Who This Book Is For
Game enthusiasts, hobbyists, and anyone who is interested in building their own 2D physics game engines but is unsure of how to begin.

Table of Contents

Chapter 1. Introduction to 2D Game Physics Engine Development

Physics engines play an important part in many types of games. A believable physics interaction between game objects has become a key element of most modern PC and console games as well as, more recently, browser and smartphone games. The range of topics within physics for games is broad and includes, but is not limited to, areas such as rigid body, fluid dynamics, soft-body, vehicle physics, and particle physics. This book will cover the fundamental topics needed for you to get started in understanding and building a general purpose, rigid body physics engine in two dimensions. The book also aims to provide you with a reusable game physics engine, which can be used for your own games, by guiding you through the process of building a physics engine step-by-step from scratch. This way you will gain a foundational understanding of the concepts and components required for a standard 2D rigid body system.
Michael Tanaya, Huaming Chen, Jebediah Pavleas, Kelvin Sung

Chapter 2. Implementing the 2D Physics Engine Core

In the previous chapter, you implemented functionality to support basic drawing operations.
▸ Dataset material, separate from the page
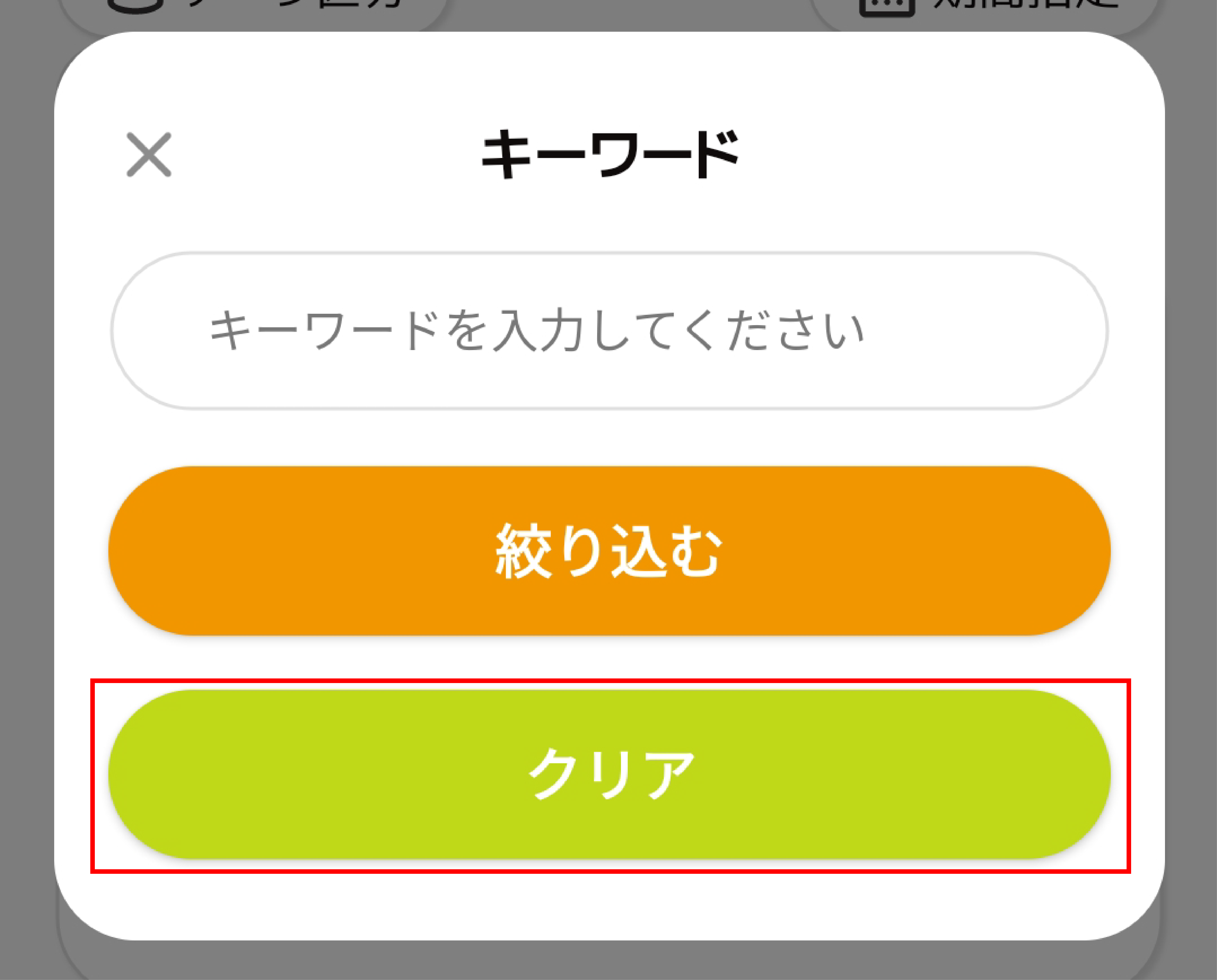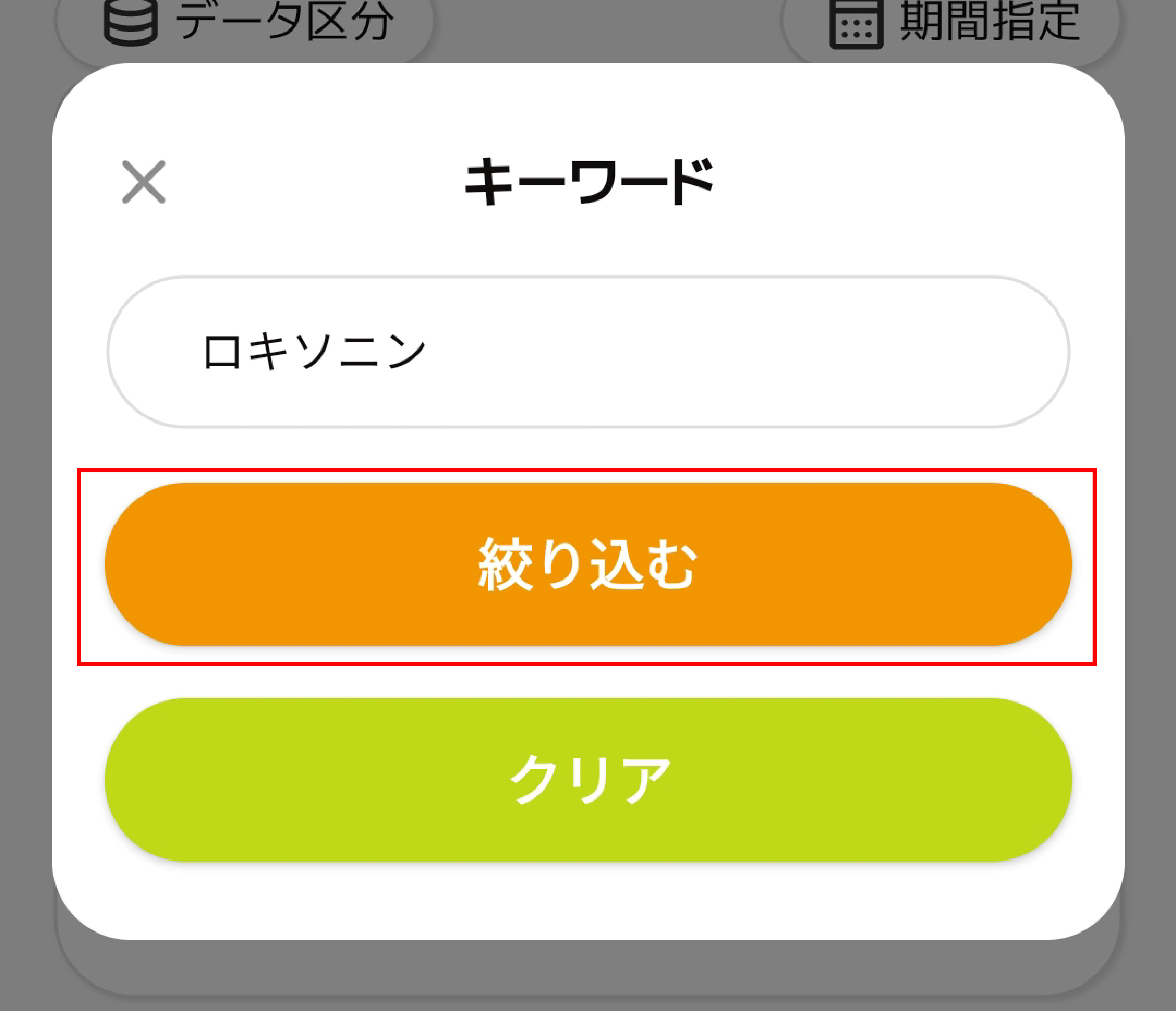 キーワード入力画面でキーワードを入力し「絞り込む」をタップします。

Drawing is the first step to constructing your physics engine because it allows you to observe the output while continuing to expand the engine’s capabilities. In this chapter, two critical components for 2D physics simulations, the core engine loop and rigid shape class, will be examined and added to the engine. The core engine loop, or the engine loop, allows the engine to control and handle the real-time interaction of game objects, while the rigid shape class abstracts and hides the detailed information such as positions and rotation angles that are required for future physics calculations.
Michael Tanaya, Huaming Chen, Jebediah Pavleas, Kelvin Sung

Chapter 3. Incorporating Collision Detection

In the context of 2D video games, the fundamentals of a physical simulation involves movements of rigid shapes, collisions of the moving shapes, and responses after the collisions. In the previous chapter, you defined the rigid shape classes and a core engine loop to support basic drawing, update operations, and simple movements of rigid shapes. In this chapter, you will learn about and implement the detection of rigid shape collisions and compute the necessary information, such that in the next chapter you can begin resolving and implementing implement the responses to the collisions. The proper implementation based on these concepts enables believable scenarios when objects physically interact with each other in the simulated world.
Michael Tanaya, Huaming Chen, Jebediah Pavleas, Kelvin Sung

Chapter 4. Completing the Physics Engine and Rigid Shape Component

In the previous chapter, you have implemented algorithms to detect collisions between rigid circles and rectangles. In addition to the Boolean condition of whether a collision has indeed occurred, the algorithms you have implemented also computed information that tells you important details—the collision information, which includes the interpenetration depth and normal direction. In this chapter, you will further expand the physics engine by using the collision information to correct the interpenetration condition, and learn about simulating collision responses that resemble real-world rigid shape behaviors. Initially, your responses will be in linear motion, and finally you will support objects rotating as a result of collisions.
Michael Tanaya, Huaming Chen, Jebediah Pavleas, Kelvin Sung

Chapter 5. Summarizing the Physics Engine

Congratulations! You have learned the basic ideas and concepts behind and completed the implementation of a 2D physics engine. This chapter will summarize all of your work done from Chapter 1 to 4, what you should understand and take away from this book, and highlight improvements or future explorations on the physics engine that you have created.